Context Window as Scarce Resource

The context window is the model’s working memory. Everything the model knows about the current conversation, the codebase, the problem, and available tools must fit within this window.

When MCP tool definitions consume 20-40% of available context, the model has proportionally less space for:

Conversation history. Longer sessions mean earlier messages get dropped sooner. Instructions you gave at the start of the conversation may fall out of context.
Code context. Less room to hold file contents, which means the model may need to re-read files more often or work with less surrounding code.
Reasoning. The model’s chain of thought competes for the same token budget. More overhead means less room for complex reasoning about your query or task.

Compound Effect in Long Sessions

Data engineering sessions tend to be long. You might explore a dataset, write a transformation, test it, iterate on the logic, then document the results — all in one conversation. Over a 30-minute session with dozens of operations, the per-operation overhead accumulates:

20 CLI operations: ~800-1,200 total tokens
20 MCP operations: ~3,000-5,000 total tokens (plus 2,000-5,000 upfront)

The 5x-10x difference means the MCP approach consumes a meaningful portion of the context window on tool interactions alone. In practice, this manifests as the model “forgetting” earlier parts of the conversation sooner, or needing to be reminded of decisions already made.

Cost Implications

For Claude Code on usage-based pricing, tokens consumed by MCP tool definitions and tool interactions are billed the same as any other input tokens. The overhead isn’t free in dollar terms either. This compounds with the BigQuery cost of the queries themselves — MCP doesn’t just cost more tokens, it can also trigger more queries if the model needs additional context that fell out of the window.

Mitigation Strategies

Minimize connected servers.
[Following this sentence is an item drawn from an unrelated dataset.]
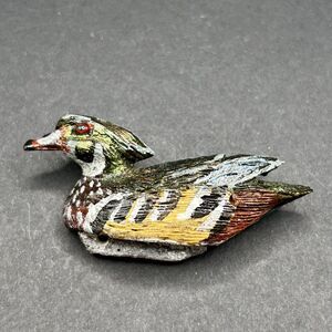 Vintage Artisan Hand Carved Painted Wooden Mini Duck Decoy Bird Pin Brooch ?"
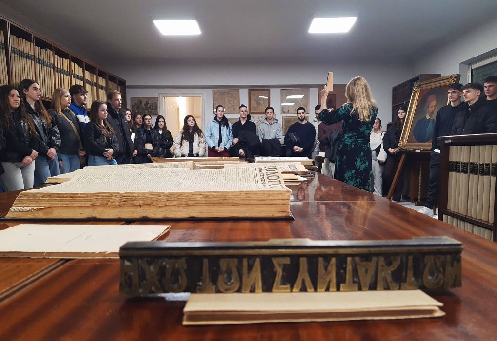 Την Πέμπτη 11 Δεκεμβρίου 2025 πραγματοποιήθηκε με επιτυχία η πρώτη δράση με επίσκεψη στο Μουσείο Τύπου της ΕΣΗΕΠΗΝ, Μαιζώνος 200. Θερμές ευχαριστίες στη διοίκηση του Μουσείου και ιδιαίτερα στην Κατερίνα Τσίρου για τη ζωντανή, τεκμηριωμένη και ουσιαστική ξενάγηση, η οποία πραγματοποιήθηκε σε δύο ομάδες και μέσα από τα εκθέματα και το αρχειακό υλικό έγινε γνωριμία με τις δημιουργίες της τυπογραφίας και των γραφικών τεχνών στην Πάτρα. Ιδιαίτερη σημασία είχε η παρουσία φοιτητών του Τμήματος Διοίκησης Τουρισμού του Πανεπιστημίου Πατρών, στο πλαίσιο μνημονίου συνεργασίας. Μας τίμησαν με την παρουσία τους ο Αντιπρύτανης Ακαδημαϊκών Θεμάτων και Οικονομικών κ. Ιωάννης Βενέτης, ο Πρόεδρος του Τμήματος Διοίκησης Τουρισμού κ. Απόστολος Ραφαηλίδης και οι εκπαιδευτικοί Παναγιώτα Βάθη-Σαράβα και Μαρία Αργυροπούλου.

Only connect MCP servers you’ll actively use in the current session. Each server’s tool definitions are loaded regardless of whether you use them. Three servers with 5 tools each is 15 tool definitions competing for context; if you only need one server, disconnect the others.

Prefer CLI for simple operations. Use CLI for quick exploration (listing tables, checking schemas, running ad-hoc queries) and reserve MCP for operations that genuinely benefit from structured responses or security controls.

Use hybrid configurations. Claude Code supports both MCP and CLI access simultaneously. Configure MCP for tools where structured responses or audit trails matter, and allow CLI commands for everything else:

{
  "mcpServers": {
    "bigquery": {
      "command": "npx",
      "args": ["-y", "@toolbox-sdk/server", "--prebuilt", "bigquery", "--stdio"]
    }
  },
  "permissions": {
    "allow": [
      "Bash(bq *)",
      "Bash(gcloud *)"
    ]
  }
}

Start new conversations for new tasks. Rather than running one long session that accumulates MCP overhead, start fresh conversations for distinct tasks. Each new conversation resets the context window (though you pay the upfront tool definition cost again).

Watch for context exhaustion symptoms. If the model starts forgetting earlier instructions, repeating questions it already asked, or losing track of the conversation’s goals, context window pressure from MCP overhead may be a contributing factor. Reducing connected servers or switching to CLI for the remainder of the session can help.